Data below ->
Segment Open
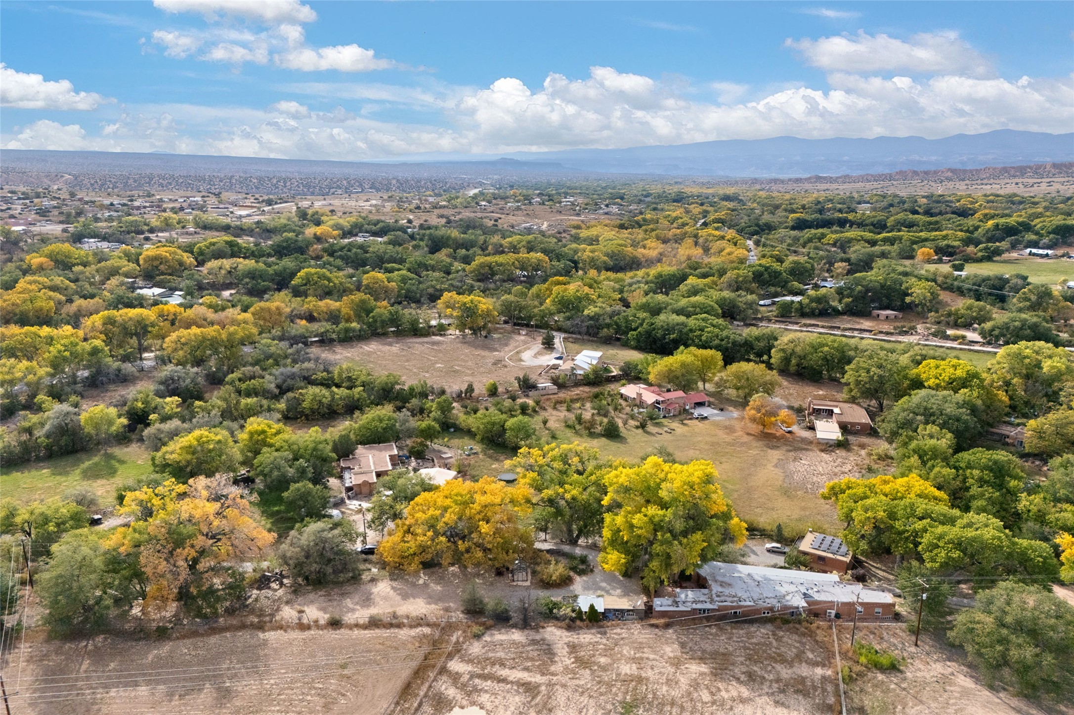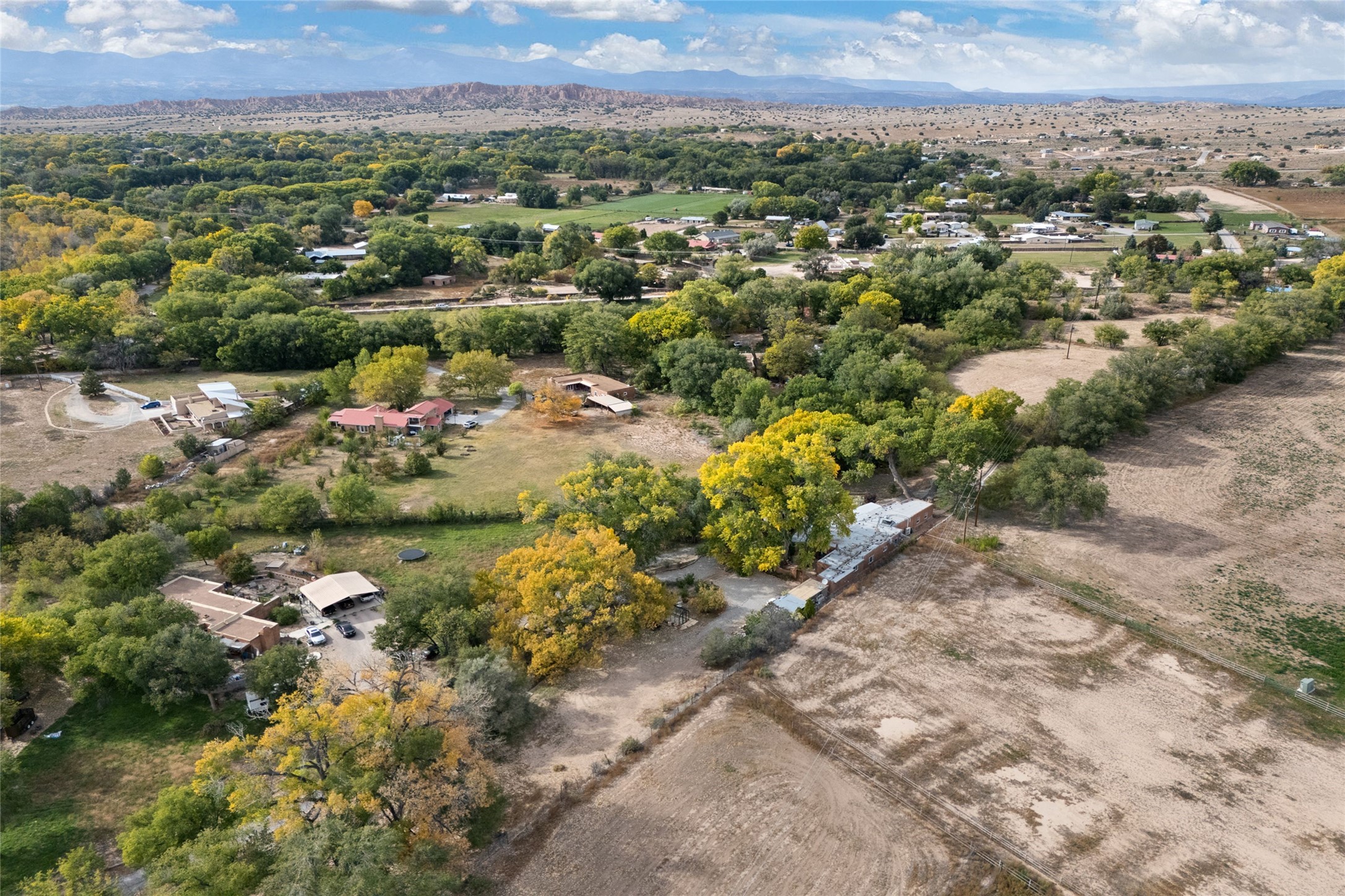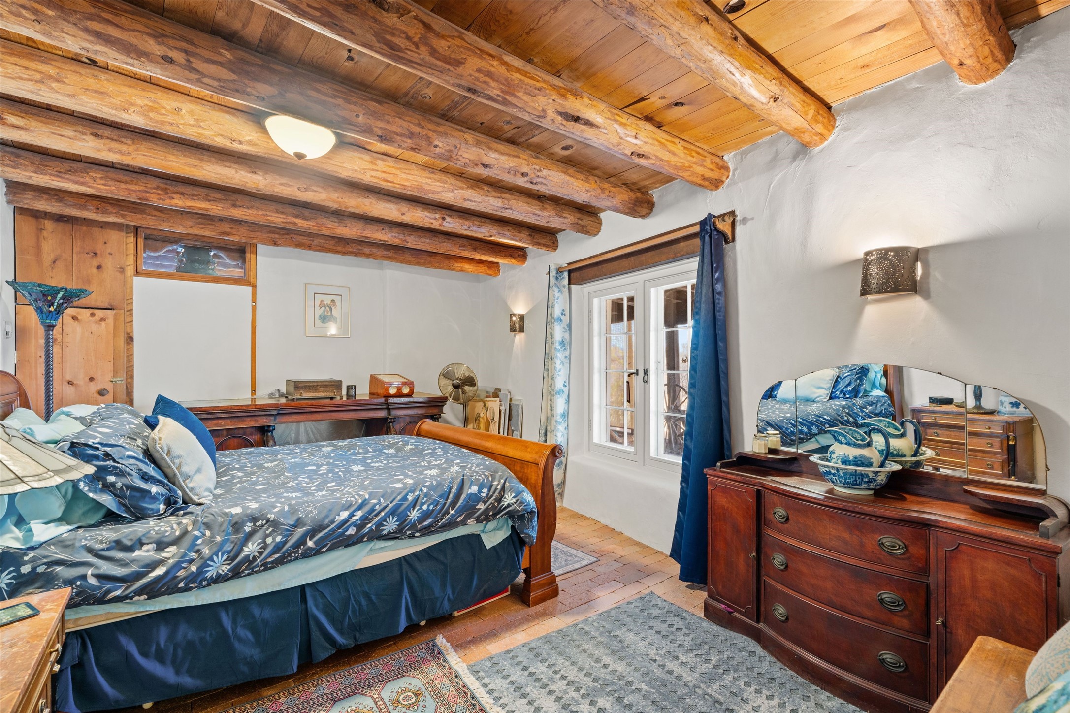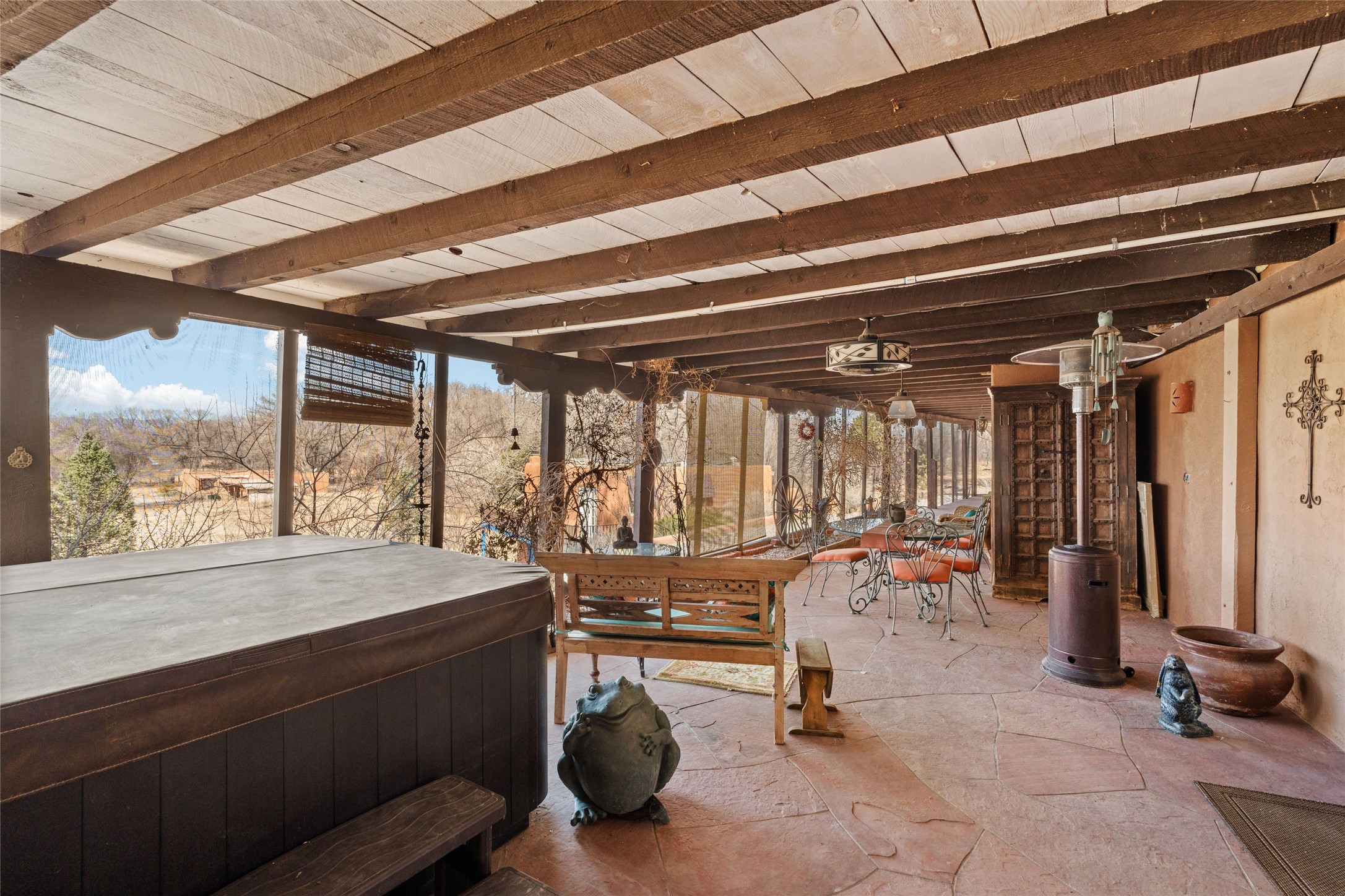 Located in the lush, idyllic area of Nambe, this authentic adobe home that embodies the charm of Santa Fe living. This captivating residence features two bedrooms and two bathrooms, alongside a detached and private one-bedroom, one-bath guest home. The home showcases iconic Santa Fe characteristics, including thick adobe walls that provide both insulation and a sense of warmth. The combination of wood and brick floors adds texture and depth to the interiors, while traditional nichos bring a unique artistic flair. The structure is enhanced by vigas and latillas, elements that reflect the rich architectural heritage of the region. Outdoor spaces abound, offering a variety of areas for relaxation and enjoyment. A walled courtyard serves as a secluded retreat, complete with an outdoor fireplace that sets the stage for cozy gatherings. The main living area opens to a deep view portal, providing sweeping vistas of the surrounding landscape and creating a seamless connection between indoor and outdoor living. The property is adorned with majestic cottonwood trees and lush native grasses, contributing to the serene ambiance. An acequia runs through the grounds, a testament to the area's agricultural roots and enhancing the natural beauty of this remarkable home. The blend of traditional architecture, stunning outdoor spaces, and a tranquil setting creates a unique sanctuary, perfect for those seeking an authentic New Mexico experience.
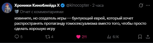Какой же эталонный обосрамс у Вавры с политшизами, пересрался вообще со всеми, леваками, праваками и даже центристами. И похуй что игра вышла хорошая, её теперь не номинируют никогда на награды, будут отказываться рекламить, и другие его проекты тоже. Чел во мгновение стал нерукопожатым во всём медиа пространстве. А мораль проста - не вовлекай политику в искусство и все будет норм. Можно даже повесточку игнорить, как экспедиция, и тоже будет норм. Просто, блять, не лезь в политику когда игродельничаешь, неужели это так трудно понять за 10+ лет со времён геймергейта.
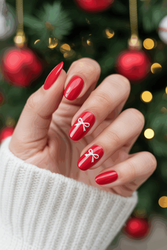 This design features a shiny red base with small bow details on one or two nails. The bows add a subtle, festive touch without being too bold. It works well for both casual and dressy holiday events. The look is simple but polished.
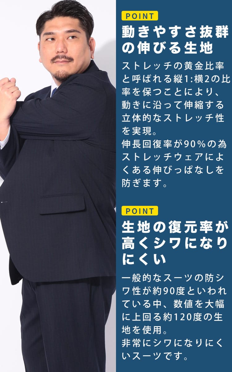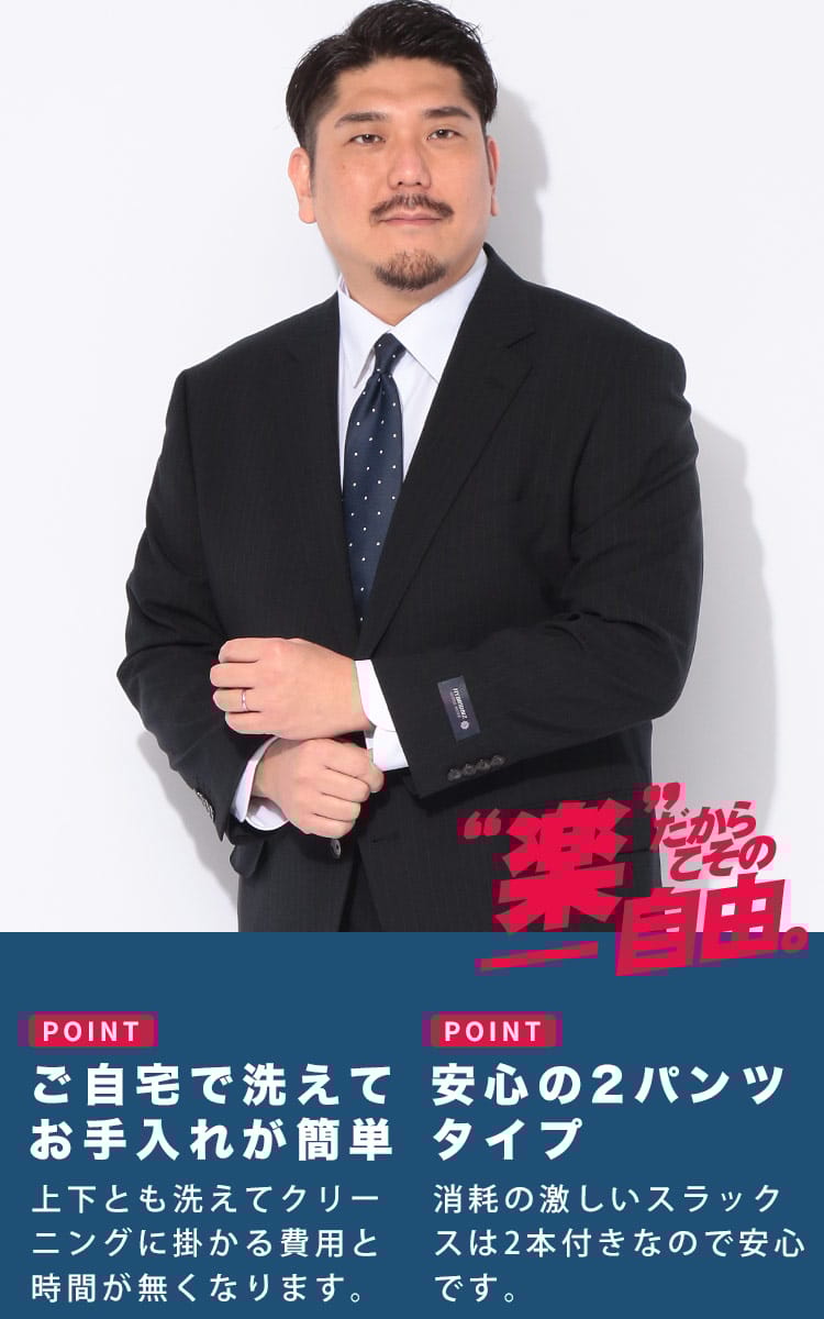 仕様 :ジャケット外側ポケット数×3つ / 内側ポケット数×4つ / パンツ外側ポケット数×4つ / シングル2つボタン / 背抜き / センターベント / セッパタイプ / 額縁あり / ワンタック / 2WAYストレッチ / ウエストストレッチ / 2パンツ / 防シワ性 / 上下ウォッシャブル
Segment Closed
Only the lines from the first line of the listing above through the line with "Какой же эталонный" should be set down, exactly and without pictures.

 Located in the lush, idyllic area of Nambe, this authentic adobe home that embodies the charm of Santa Fe living. This captivating residence features two bedrooms and two bathrooms, alongside a detached and private one-bedroom, one-bath guest home. The home showcases iconic Santa Fe characteristics, including thick adobe walls that provide both insulation and a sense of warmth. The combination of wood and brick floors adds texture and depth to the interiors, while traditional nichos bring a unique artistic flair. The structure is enhanced by vigas and latillas, elements that reflect the rich architectural heritage of the region. Outdoor spaces abound, offering a variety of areas for relaxation and enjoyment. A walled courtyard serves as a secluded retreat, complete with an outdoor fireplace that sets the stage for cozy gatherings. The main living area opens to a deep view portal, providing sweeping vistas of the surrounding landscape and creating a seamless connection between indoor and outdoor living. The property is adorned with majestic cottonwood trees and lush native grasses, contributing to the serene ambiance. An acequia runs through the grounds, a testament to the area's agricultural roots and enhancing the natural beauty of this remarkable home. The blend of traditional architecture, stunning outdoor spaces, and a tranquil setting creates a unique sanctuary, perfect for those seeking an authentic New Mexico experience.
Какой же эталонный обосрамс у Вавры с политшизами, пересрался вообще со всеми, леваками, праваками и даже центристами. И похуй что игра вышла хорошая, её теперь не номинируют никогда на награды, будут отказываться рекламить, и другие его проекты тоже. Чел во мгновение стал нерукопожатым во всём медиа пространстве. А мораль проста - не вовлекай политику в искусство и все будет норм. Можно даже повесточку игнорить, как экспедиция, и тоже будет норм. Просто, блять, не лезь в политику когда игродельничаешь, неужели это так трудно понять за 10+ лет со времён геймергейта.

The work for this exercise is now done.